Task goal → Set the pictures aside and write down, exactly as they appear, the lines from the one containing "Télécharger le GIF" through the end of the material.

[Opening Dataset content section]

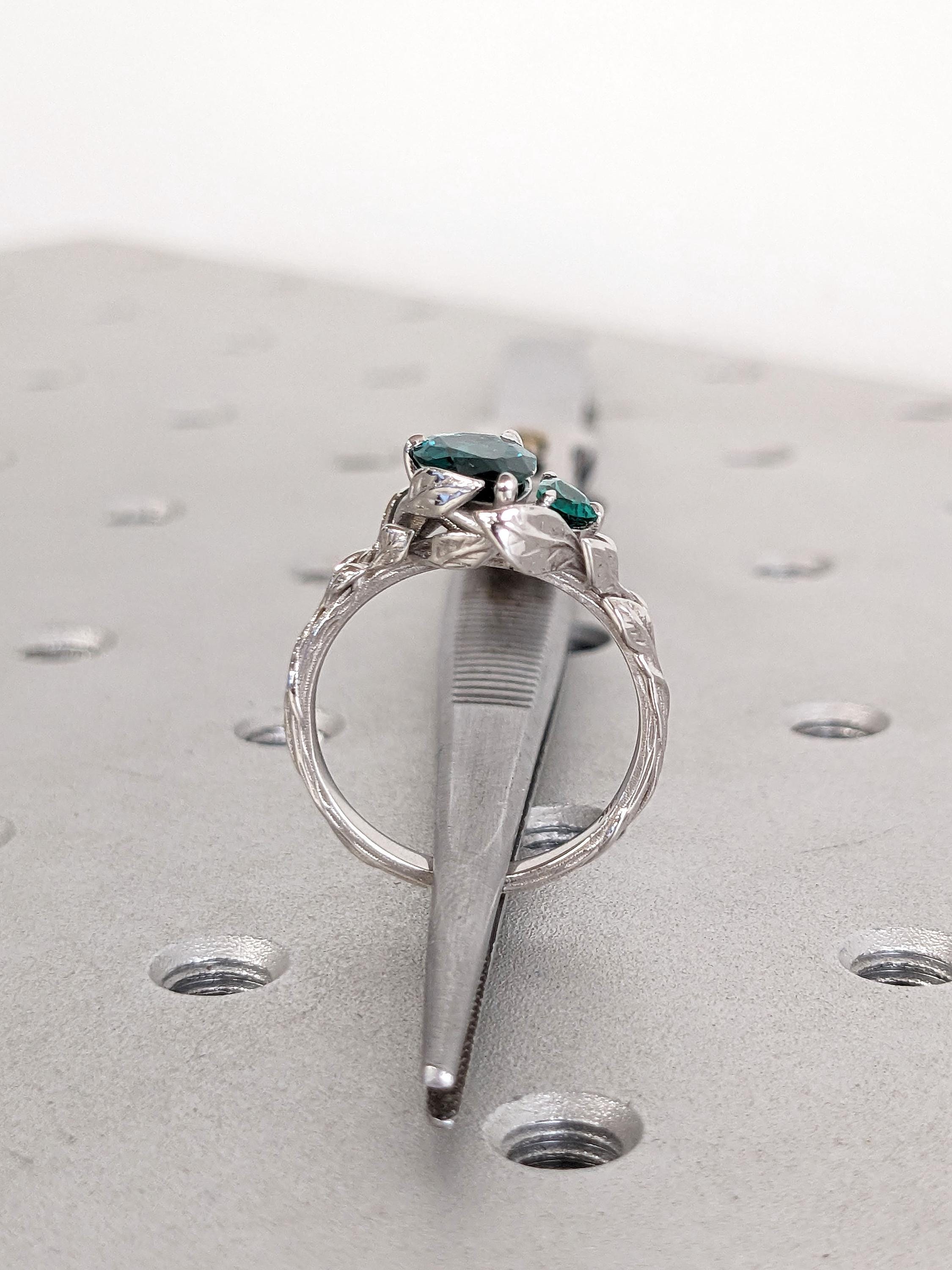 Pear cut Emerald Engagement Ring | Solid 14K White Gold Wedding Ring | 1-3ct Lab Created Green Emerald Leaf Ring | Bridal Ring Promise Ring
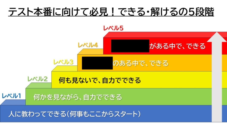 教室ではテスト本番期間に入るからこそ、5つの「できるレベル」を意識して授業を行っております。↓
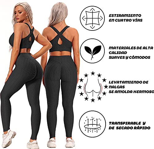 Leggings Yoga Mujer Pantalones Deportivos Mujer Largos Leggings para Running Deportes 3D Impresión Pantalones Push up Mujer Legging Pantalon Fitness Polainas de Gimnasio (Negro, M)
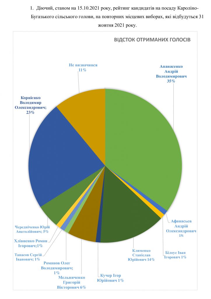 Аналізуючи результати опитування, можно зазначити, що основна боротьба за посаду голови Кароліно-Бугазької сільської ради відбувається між діючим сільським головою Апанасенко Андрієм Володимировичем та основним його опонентом Корнієнко Володимиром Олександровичем.
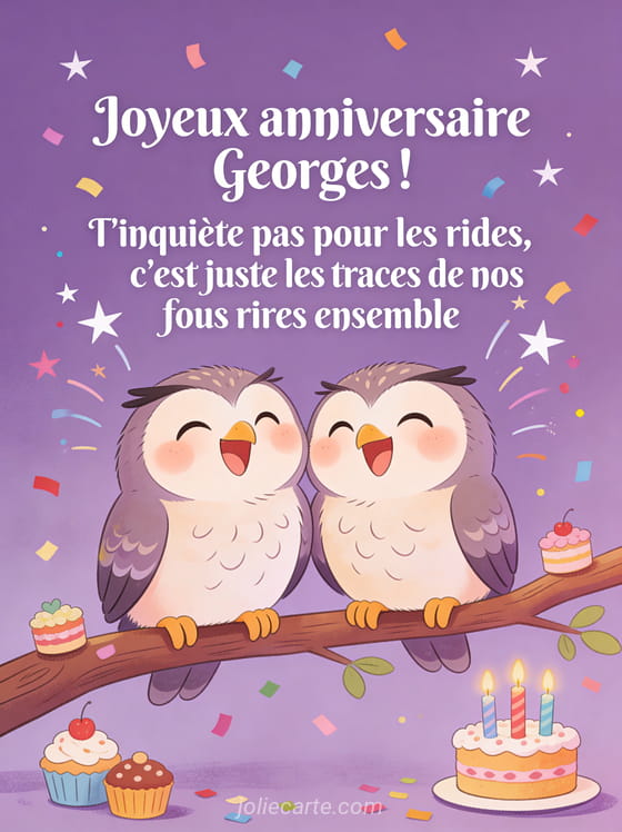 Télécharger le GIF animé joyeux anniversaire Georges ! T'inquiète pas pour les rides, c'est juste les traces de nos fous rires ensemble
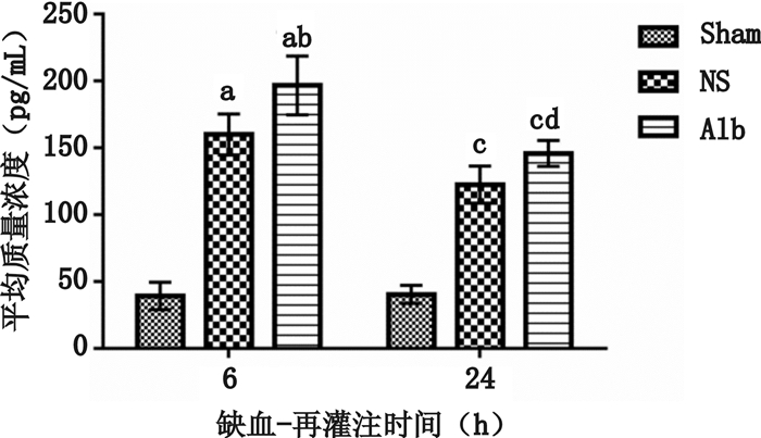 注:a为Sham组和NS组比较,b为Sham组和Alb组比较。 |

[Closing Dataset content section]

Problem solution →
 Télécharger le GIF animé joyeux anniversaire Georges ! T'inquiète pas pour les rides, c'est juste les traces de nos fous rires ensemble
 注:a为Sham组和NS组比较,b为Sham组和Alb组比较。 |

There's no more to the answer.